Pointed at llama.cpp's CPU inference path, the agent found 5 kernel optimizations that pure code analysis completely missed. The result: 15% faster text generation on x86 and 5% faster on ARM for TinyLlama 1.1B. Total cost came to about $29 in cloud spend over 3 hours using 4 VMs.

Here's where code-only agents hit a wall. The agent's first wave chased SIMD micro-optimizations that barely moved the needle. Gains of 0.6% to 0.9%, all within noise.

Text generation is memory-bandwidth bound, not compute bound. A 606 MiB model running at 49 tokens/s consumes roughly 30 GB/s of memory bandwidth, nearing the hardware's limit. You can't SIMD your way out of a data movement problem, and the code itself won't tell you that.
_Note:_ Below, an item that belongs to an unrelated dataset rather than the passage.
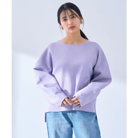 肩を落としたデザインにボリュームを付けたアームラインと前後差ニュアンスを効かせたボックスシルエットでゆとりのある着心地。

You need to understand the roofline model and recognize that batch-size-1 inference hits memory limits first.

The research phase fixed this. Between experiment waves, the agent studied ik_llama.cpp, llamafile's tinyBLAS, PowerInfer, and ExLlamaV2. It also searched arxiv for FlashAttention and operator fusion papers.

Competing codebases proved more useful than academic literature. Two of the five final optimizations came directly from patterns spotted in ik_llama.cpp and the CUDA backend. The biggest win fused three passes over flash attention's QK tile into a single AVX2 FMA loop.

This builds on Andrej Karpathy's autoresearch concept, which SkyPilot generalized into pi-autoresearch. Shopify CEO Tobi Lütke already used it to cut Liquid template parse+render time by 53%.

But those optimization opportunities lived in plain sight within the source. When the answer sits in domain knowledge, in the experience a senior engineer would bring, agents need to do homework first. SkyPilot's data shows that for production optimization work, the state of the art lives in GitHub repos, not academic papers.